==== Record excerpts ====

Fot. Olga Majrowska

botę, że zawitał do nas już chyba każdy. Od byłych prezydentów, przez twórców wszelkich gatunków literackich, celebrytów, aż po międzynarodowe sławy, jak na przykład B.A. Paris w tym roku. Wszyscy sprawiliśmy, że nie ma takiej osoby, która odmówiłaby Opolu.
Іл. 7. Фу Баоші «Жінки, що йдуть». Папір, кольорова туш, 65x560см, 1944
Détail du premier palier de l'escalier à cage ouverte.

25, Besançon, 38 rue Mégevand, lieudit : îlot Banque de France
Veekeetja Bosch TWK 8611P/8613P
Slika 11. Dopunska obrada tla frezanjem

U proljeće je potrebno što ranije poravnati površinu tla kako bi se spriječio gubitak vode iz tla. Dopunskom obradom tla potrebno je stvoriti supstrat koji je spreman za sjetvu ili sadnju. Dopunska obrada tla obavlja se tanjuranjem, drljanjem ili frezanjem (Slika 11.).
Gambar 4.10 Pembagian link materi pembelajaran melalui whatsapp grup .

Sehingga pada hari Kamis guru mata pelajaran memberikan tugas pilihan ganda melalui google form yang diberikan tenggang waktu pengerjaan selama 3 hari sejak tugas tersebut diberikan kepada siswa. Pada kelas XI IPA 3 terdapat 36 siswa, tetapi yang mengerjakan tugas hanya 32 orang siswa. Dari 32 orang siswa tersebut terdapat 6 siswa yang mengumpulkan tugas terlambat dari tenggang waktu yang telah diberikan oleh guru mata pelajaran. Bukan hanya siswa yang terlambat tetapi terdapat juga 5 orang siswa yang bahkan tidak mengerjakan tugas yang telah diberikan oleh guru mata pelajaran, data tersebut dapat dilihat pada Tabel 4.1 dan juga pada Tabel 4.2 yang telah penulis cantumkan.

====
==== Record excerpts ====

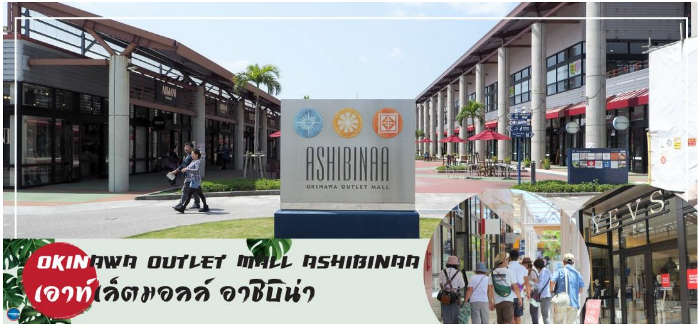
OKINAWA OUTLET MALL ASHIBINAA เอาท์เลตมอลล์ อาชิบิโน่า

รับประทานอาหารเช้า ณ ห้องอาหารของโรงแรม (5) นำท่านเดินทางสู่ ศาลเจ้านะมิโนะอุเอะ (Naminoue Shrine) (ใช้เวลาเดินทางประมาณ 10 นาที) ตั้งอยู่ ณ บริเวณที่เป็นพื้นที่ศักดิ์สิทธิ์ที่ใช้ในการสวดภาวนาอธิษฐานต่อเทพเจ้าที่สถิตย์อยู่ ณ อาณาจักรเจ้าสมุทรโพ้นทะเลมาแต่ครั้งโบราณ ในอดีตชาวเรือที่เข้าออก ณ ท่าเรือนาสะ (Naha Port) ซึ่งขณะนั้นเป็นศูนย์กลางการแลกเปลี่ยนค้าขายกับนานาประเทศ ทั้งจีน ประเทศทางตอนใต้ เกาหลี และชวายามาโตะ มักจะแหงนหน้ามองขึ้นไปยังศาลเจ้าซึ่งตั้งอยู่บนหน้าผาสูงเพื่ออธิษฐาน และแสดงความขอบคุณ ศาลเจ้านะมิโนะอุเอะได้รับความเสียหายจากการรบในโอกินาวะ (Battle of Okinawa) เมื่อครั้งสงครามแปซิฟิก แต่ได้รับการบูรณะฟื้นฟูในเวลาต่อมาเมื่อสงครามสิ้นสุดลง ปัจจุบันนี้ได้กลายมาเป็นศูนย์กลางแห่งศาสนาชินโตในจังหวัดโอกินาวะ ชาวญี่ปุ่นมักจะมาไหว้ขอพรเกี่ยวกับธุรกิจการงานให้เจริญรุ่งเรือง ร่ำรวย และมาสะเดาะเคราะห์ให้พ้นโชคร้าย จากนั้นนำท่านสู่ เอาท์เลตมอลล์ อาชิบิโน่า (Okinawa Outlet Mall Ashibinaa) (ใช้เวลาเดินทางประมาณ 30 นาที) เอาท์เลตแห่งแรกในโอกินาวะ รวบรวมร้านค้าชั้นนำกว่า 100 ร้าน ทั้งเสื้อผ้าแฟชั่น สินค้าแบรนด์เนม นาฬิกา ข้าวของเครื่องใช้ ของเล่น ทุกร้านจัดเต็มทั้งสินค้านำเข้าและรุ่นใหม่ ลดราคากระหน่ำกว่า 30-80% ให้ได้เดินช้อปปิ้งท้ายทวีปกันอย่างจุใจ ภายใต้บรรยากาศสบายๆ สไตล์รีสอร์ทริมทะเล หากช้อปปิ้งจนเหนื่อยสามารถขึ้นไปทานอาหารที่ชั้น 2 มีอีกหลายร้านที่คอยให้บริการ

====
==== Record excerpts ====

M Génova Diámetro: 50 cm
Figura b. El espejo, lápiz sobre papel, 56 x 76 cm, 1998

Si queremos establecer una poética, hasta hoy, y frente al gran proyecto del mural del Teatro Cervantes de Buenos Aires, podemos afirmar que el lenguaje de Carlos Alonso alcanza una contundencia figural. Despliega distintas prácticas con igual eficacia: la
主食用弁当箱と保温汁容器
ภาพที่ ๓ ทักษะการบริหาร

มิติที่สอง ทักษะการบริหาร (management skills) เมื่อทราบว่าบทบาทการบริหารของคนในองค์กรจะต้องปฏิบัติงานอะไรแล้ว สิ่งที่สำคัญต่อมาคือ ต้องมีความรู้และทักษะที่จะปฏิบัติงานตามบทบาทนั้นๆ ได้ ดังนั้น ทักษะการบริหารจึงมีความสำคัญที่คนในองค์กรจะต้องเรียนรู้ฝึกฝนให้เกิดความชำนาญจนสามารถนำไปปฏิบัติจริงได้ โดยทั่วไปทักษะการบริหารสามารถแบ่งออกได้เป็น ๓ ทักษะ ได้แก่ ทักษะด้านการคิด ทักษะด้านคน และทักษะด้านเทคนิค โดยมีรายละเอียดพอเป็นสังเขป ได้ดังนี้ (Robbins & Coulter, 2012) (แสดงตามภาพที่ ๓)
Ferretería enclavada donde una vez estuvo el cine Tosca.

====

### What needs to be done
Only the lines from the one containing "Fot. Olga Majrowska" through the one containing "Détail du premier" are to be retyped, both boundary lines included, with no other material.

### Answer box
Fot. Olga Majrowska

botę, że zawitał do nas już chyba każdy. Od byłych prezydentów, przez twórców wszelkich gatunków literackich, celebrytów, aż po międzynarodowe sławy, jak na przykład B.A. Paris w tym roku. Wszyscy sprawiliśmy, że nie ma takiej osoby, która odmówiłaby Opolu.
Іл. 7. Фу Баоші «Жінки, що йдуть». Папір, кольорова туш, 65x560см, 1944
Détail du premier palier de l'escalier à cage ouverte.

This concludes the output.